Gazans who have fled to the area thinking that the south would be safe have found that Israel is bombing there, too.

“We have no other place — and no safe place,” said Ziad Obeid, a Palestinian civil servant.

Mr. Obeid and his family ended up on the outskirts of Rafah after fleeing farther and farther south during the war.

“We are fighting day and night just to get some bread, water and vegetables,” he said, recounting failed attempts to find eggs for his elderly mother.

The Israeli government has not publicly called for large numbers of Gazans to move to Egypt. But diplomats have said that in private, Israel has pushed for them to be housed there for the duration of the war.

Egyptian leaders adamantly oppose the idea, partly out of economic and security concerns, and partly out of concerns that it would destroy hopes to include Gaza in a future Palestinian state.

Gazans must “stay steadfast and remain on their land,” President Abdel Fattah el-Sisi of Egypt said in October.

Egypt’s army has erected sand barriers and stationed tanks and other military vehicles along the border at Rafah, according to two people who live near the border and spoke on the condition of anonymity because of the sensitivity of the issue.

In 2008, Hamas broke down parts of the border fence, allowing tens of thousands of Palestinians to stream into northern Egypt. That temporarily broke the blockade that Egypt and Israel had imposed on the territory after Hamas took it over the year before. Palestinians returned with medicine, cement, sheep, gasoline, soap and other supplies that had become rare in the strip.
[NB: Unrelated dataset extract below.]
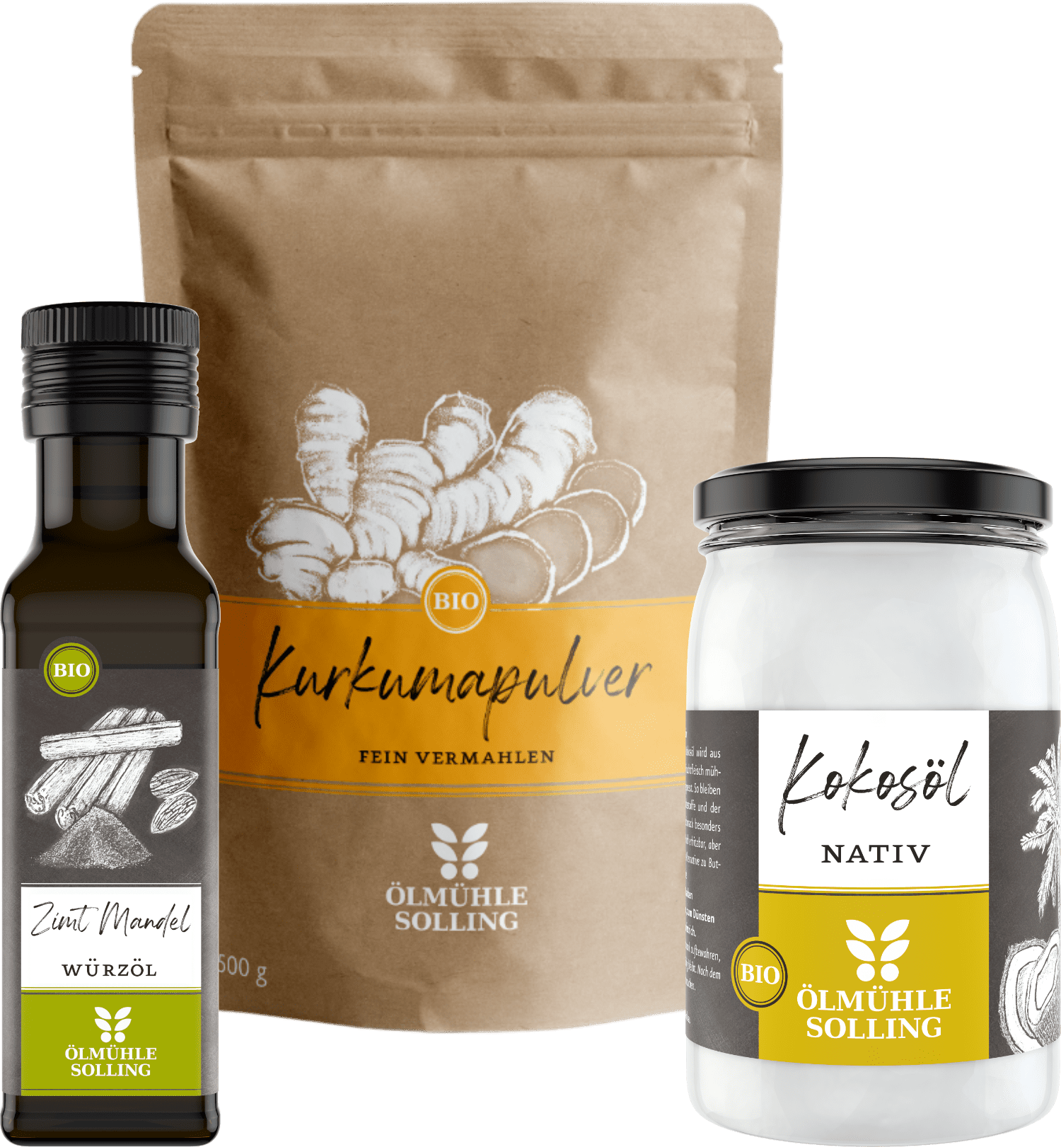 Dieses Set bestehend aus Kurkumapulver, Kokosöl und Zimt-Mandel Würzöl ist ideal für die Zubereitung von Goldener Milch geeignet. Die weiteren Zutaten finden Sie in unserem Rezept.

At the time, Israeli officials said that — if controlled — the border opening to Egypt might allow Israel to lock the door to a Hamas-run Gaza and let Egypt deal with the poverty and problems there.
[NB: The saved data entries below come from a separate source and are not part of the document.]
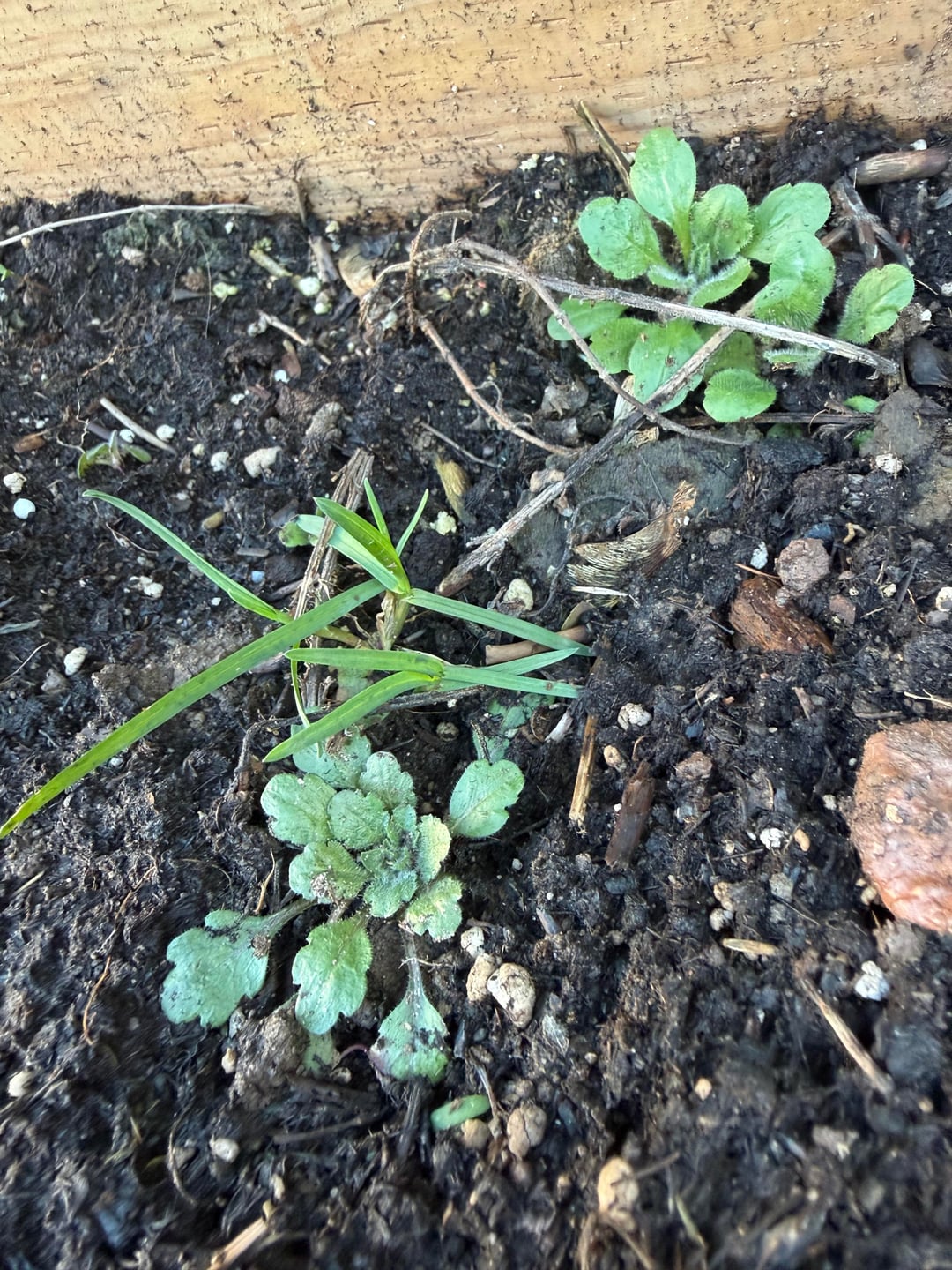 昨年、高設のガーデンベッドを2つ作りました。何も植えていないのですが、芽が出てきました。このアプリはそれらをすべて「双子葉類」として識別するようです。
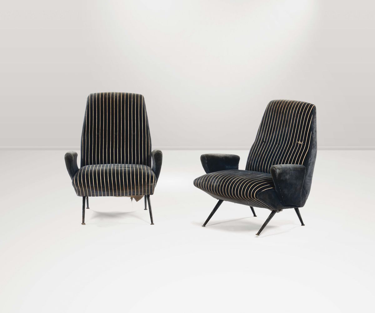 Coppia di poltrone con struttura in metallo e rivestimento in tessuto.Prod. Italia, 1950 ca.cm. 65x70x82
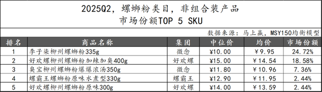 2025Q2,螺蛳粉类目非组合装产品的市场份额TOP 5 SKU继续呈现高度集中态势,头部品牌合计占比超过55%。其中,微念集团与好欢螺集团各有两款产品上榜,“李子柒柳州螺蛳粉 335g”以24.72%的市场份额稳居第一,延续其在该品类中的绝对领先地位。好欢螺的“加辣加臭”产品位列第二,彰显其差异化口味策略的有效性。螺霸王则凭借原味水煮型产品跻身第四。整体来看,螺蛳粉市场呈现“强者恒强”的格局。
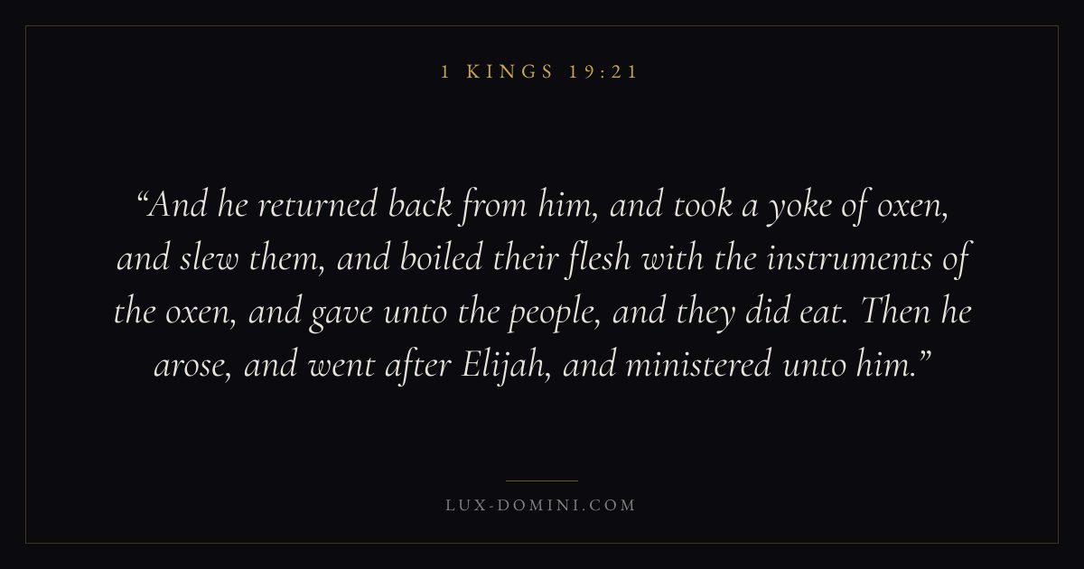 And he returned back from him, and took a yoke of oxen, and slew them, and boiled their flesh with the instruments of the oxen, and gave unto the people, and they did eat. Then he arose, and went after Elijah, and ministered unto him.

Today, many Palestinians fear that Israel’s plan since the war began has been to make conditions in Gaza so dangerous and miserable that Gazans are forced to flee into Egypt.

“The developments we are witnessing point to attempts to move Palestinians into Egypt, regardless of whether they stay there or are resettled elsewhere,” Mr. Lazzarini wrote in an opinion article this week in The Los Angeles Times.

The internal displacement of millions of Gazans to the southern part of their territory was “the first stage of such a scenario,” he argued. “The next stage is underway — forcing people out of the urban center in Khan Younis and closer to the Egyptian border,” he wrote.

United Nations facilities that have been turned into shelters are completely overwhelmed, and many Gazans are living in the streets or in makeshift shelters, with no sanitation and not enough food, Mr. Lazzarini said in the interview on Sunday.

“We are punished for something that we don’t have any role in,” said Mr. Obeid, the Palestinian civil servant. “The civilians who are being killed day and night all around Gaza should not be punished.”

Mr. Abu Lubda, the farmer, lamented that Gazans felt abandoned by the world.

“The United Nations doesn’t care about us, the Security Council doesn’t care about us, the Arab League doesn’t care about us, no one cares about us,” he said. “They threw us in the streets.”

Patrick Kingsley contributed reporting from Jerusalem, and Nada Hussein and Vivian Yee from Cairo.